U.S. Treasury Secretary Scott Bessent, a billionaire hedge fund manager, stated in a January 2026 Fox News interview that the “maximum pressure” campaign had caused Iran’s economy to collapse: a major bank failed, the central bank printed money fueling inflation, dollar shortages restricted imports, and these conditions sparked the unrest. He described this as “economic statecraft” carried out with “no shots fired,” directly crediting sanctions for the protests.
Nine months earlier—in March 2025—Bessent acknowledged during a speech at the Economic Club of New York that the campaign was “designed to collapse Iran’s already buckling economy.” He urged Iranians to abandon the rial, outlined plans to shut down Iran’s oil sector, collapse its exports, and block access to the international financial system by targeting regional facilitators. He even joked about “making Iran broke again,” drawing applause from Wall Street executives, including Blackstone CEO Steven Schwarzman, a major Trump donor. It is hardly surprising that these policies align with billionaire interests—Bessent’s Wall Street background and Blackstone’s vast U.S. real estate holdings make the connection clear.
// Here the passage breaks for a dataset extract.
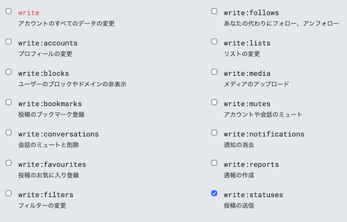 ・アクセス権:「write:statuses」だけをチェック。その他のチェックは全てはずす。POST以外のことをするのであれば、その部分の機能をチェックする必要あり。今回は、RSS側からMastodonへPOSTするのが目的なので、「write:statuses」の部分だけをチェック。

High inflation and the rial’s massive depreciation brought thousands of protesters to the streets—starting peacefully, then with armed rioters joining in. Dozens of mosques, police stations, and fire brigade vehicles were burned; hundreds of police officers and civilians were killed; thousands were arrested. The people are suffering deeply and blaming the regime. Trump is watching and warning: if Iran kills protesters, America will intervene—”locked and loaded.” He pointed to Venezuela: “We just captured Maduro. We can do the same to you.”
That is the message.
Many observers believe the regime may finally fall—that this could mark the end of the Islamic Republic.
The Core Question: How Did We Get Here?
But the more important question is: How did we get here? Not just to this moment, but to this Iran—the persistent supposed threat America has confronted for nearly half a century? The nuclear program, the anti-American ideology, the Revolutionary Guards—all bear the imprint of U.S. actions. Let’s walk through the history, because it explains everything.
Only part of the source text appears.